In addition, various provisions of the Listing Rules are included in the Constitution. The Act, the
Constitution and the Listing Rules contain specific requirements which are relevant to the resolutions
comprised in this Notice. The Company is also listed on the ASX as a Foreign Exempt Listing.
The implications of the Listing Rules, the Act and the Constitution, insofar as they relate to each
resolution, are addressed in the Explanatory Notes to each resolution. As required by NZX Listing
Rules, all resolutions will be determined by poll.
Nature of Resolutions
The resolutions which are to be considered at the Meeting are all ordinary resolutions. An ordinary
resolution is a resolution passed by a simple majority of votes of shareholders of the Company,
entitled to vote and voting.
These Explanatory Notes have been prepared to provide information which the Directors believe to
be material to Shareholders in deciding whether or not to pass the Resolutions.
AGENDA ITEM 1 - FINANCIAL STATEMENTS AND REPORTS
Whilst the consideration of the Annual Report by shareholders is not strictly required under the Act,
the Board considers it good policy to table the Annual Report at the Meeting for consideration by
shareholders, and for discussion where appropriate. The Company’s auditors, Hall Chadwick NZ
Limited will be in attendance to respond to shareholders on the conduct of the audit.

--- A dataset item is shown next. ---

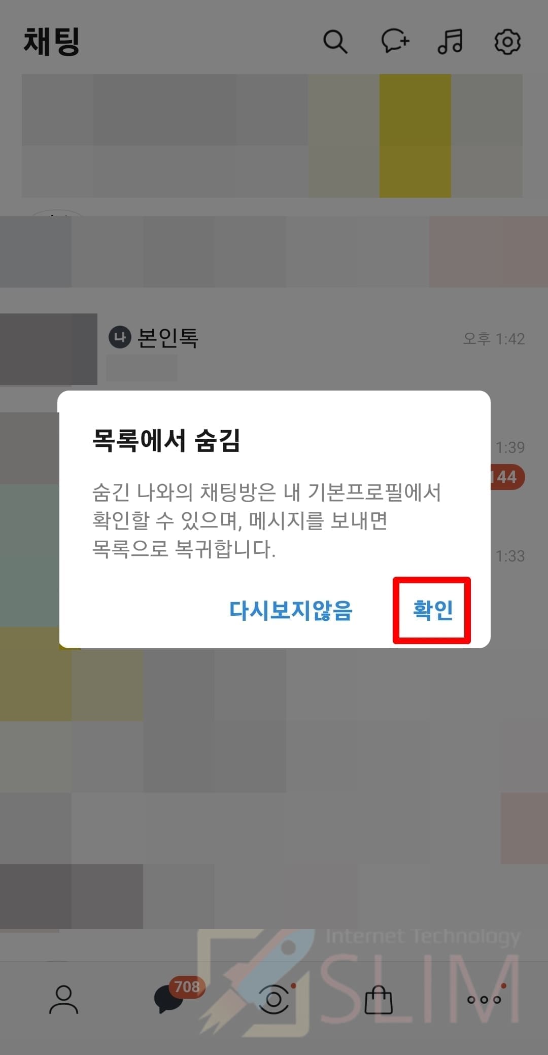 4. 나와의 채팅방 숨김을 활성화합니다.

The Company will not provide a hard copy of the Company’s annual financial report to Shareholders
unless specifically requested to do so. The Company’s annual financial report is available on its
website at www.truscreen.com.
AGENDA ITEM 2 – RESOLUTIONS
1. RESOLUTION 1 – RATIFICATION OF APPOINTMENT OF AUDITORS
RSM Hayes Audit Auckland resigned as auditor of the Company. Under section 207R of the
Companies Act, Hall Chadwick NZ Limited was appointed auditor of the Company on 8 May 2025.
This resolution seeks appointment of Hall Chadwick NZ Limited as auditor from the date of the Annual
Meeting, in accordance with section 207P of the Companies Act.
2. RESOLUTION 2 - REMUNERATION OF AUDITORS – ORDINARY RESOLUTION
The proposed resolution is to authorise the directors of the Company to fix, under section 207S of
the Companies Act 1993, the remuneration of the auditor Hall Chadwick NZ Limited for the
ensuring year.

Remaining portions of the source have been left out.